Mycology is the branch of biology devoted to the study of fungi (mushrooms), which, we're increasingly learning, are truly astonishing in what they can do. With the support of a grant from the EPA, a team of Washington State University scientists is developing a mycofiltration system to purify storm water of bacteria before it re-enters the urban water supply. Professor Marc Beutel is an environmental engineer who has joined forces with renowned mycologist Paul Stamets of Fungi Perfecti, a research laboratory and retail company also in Washington State. Together they have completed the first phase of a study titled Mycofiltration Biotechnology for Pathogen Management, wherein they have successfully used fungi to create a "living net" to filter effluent bacteria. The project was funded by an EPA Small Business Innovative Research (SBIR) award.
[Water runoff filtered through mycobooms, courtesy of Fungi Perfecti]
Certain types of fungi eat things that we would rather not have in our water supply, like bacteria. Since earlier work had strongly suggested that mycelia (networks of fungi) could be purposed for filtration, this study chose to use a really threatening pathogen, E. coli, and to test filtration under storm water runoff conditions, which in Washington State are significant.

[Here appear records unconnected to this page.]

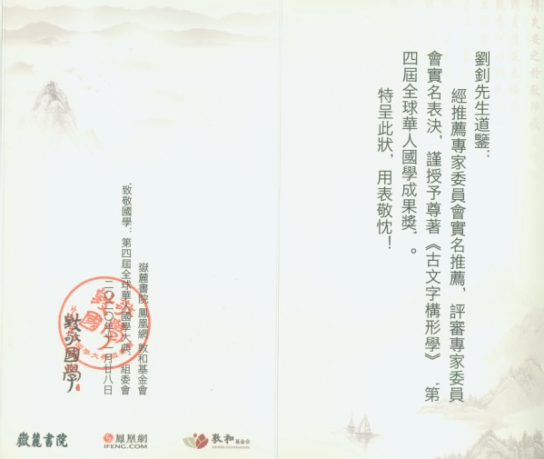 11月28日下午,由岳麓书院、凤凰网、敦和基金会联合主办的“致敬国学:第四届全球华人国学大典”在北京举行颁奖典礼,复旦大学出土文献与古文字研究中心教授刘钊所著《古文字构形学》荣获第四届全球华人国学成果奖。
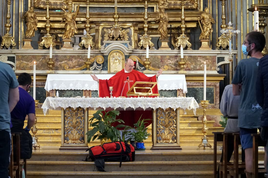 La prima parte del cammino era silenziosa, per permettere un tempo di preghiera personale. Seguiva poi un tempo di condivisione a coppie, sempre camminando. A metà percorso sono stati proposti spunti sulla figura di Ignazio. E, a fine giornata, la messa. La sera è stata dedicata agli incontri con testimoni provenienti dai territori attraversati: un laico presidente di una cooperativa sociale nel territorio della diocesi di Gaeta, un prete che ha ristrutturato un antico monastero e ne ha fatto un luogo d’accoglienza particolarmente attento a chi arriva con profonde ferite esistenziali, una suora del monastero di Der Mar Musa. Ha chiuso le giornate un tempo di rilettura.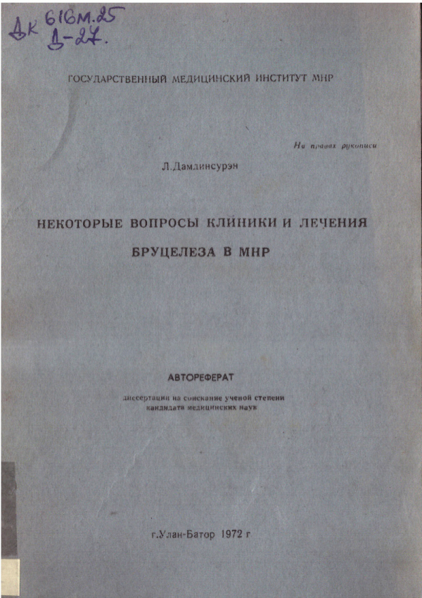 Некоторые вопросы клиники и лечения бруцелеза в МНР: Автореферат диссертации на соискание ученой степении кандидата медицинских наук: 442100-Химия (Биоорганическая химия, химия природных соединений) /Науч. рук. д-р мед. наук, проф. В.М.Маджидов, канд. мед. наук Г.Дуламсүрэн ; Офиц. опп. канд. мед. наук Ж.Дашдаваа, канд. мед. наук Ж.Самданцоодол.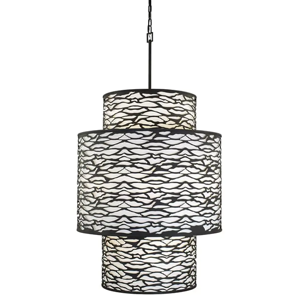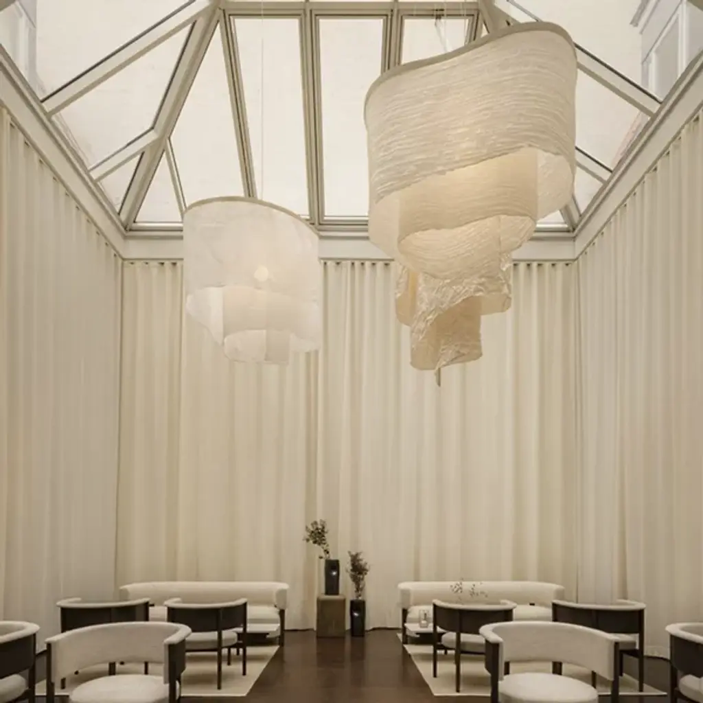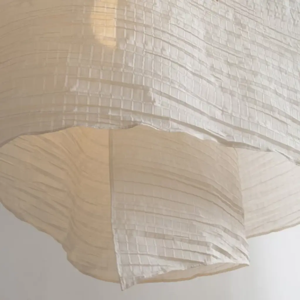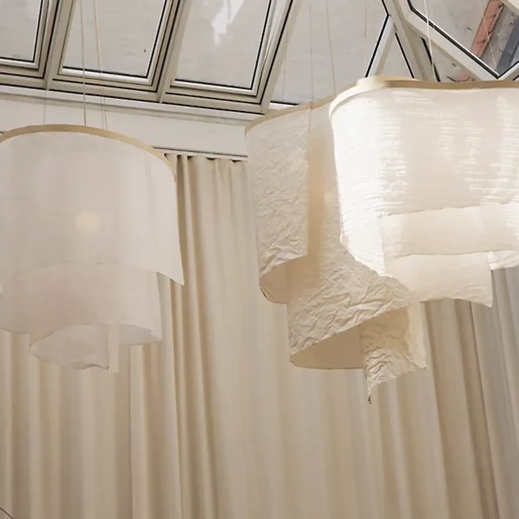 The Altostratus Chandelier from Ladies and Gentlemen Studio showcases an eye-catching design that brings a sense of movement and positive energy. It was designed by Dylan Davis & Jean Lee, who drew inspiration from sunlight shining through clouds, crafting a sinuous textile shade that embodies energy in motion. The shade hangs from a curving wooden frame, enhancing the warm, elegant aesthetic of the piece. With custom heights available upon request and dimming capabilities, this chandelier can suit a variety of settings, adding sophistication and vitality wherever it hangs.

The goal was to meet current industry standards for water purification under laboratory conditions. The mycofilter had to be durable, "not significantly impacted by excessive heat, cold, saturation, or dehydration," as well as having a robust filtration capacity.
Of the 30 varieties of fungi the team started out testing, one in particular demonstrated the characteristics they required. The process of testing involved innoculating a clump of wood chips and straw with the mycelium and subjecting it to an effluent containing the bacteria in both sediment-bound and free-floating forms. Subsequent water quality testing showed that the E. coli was virtually entirely removed. Moreover, the mycofilters were just as successful at removing the pathogen when they were reused, demonstrating the resiliency of the mycostrain.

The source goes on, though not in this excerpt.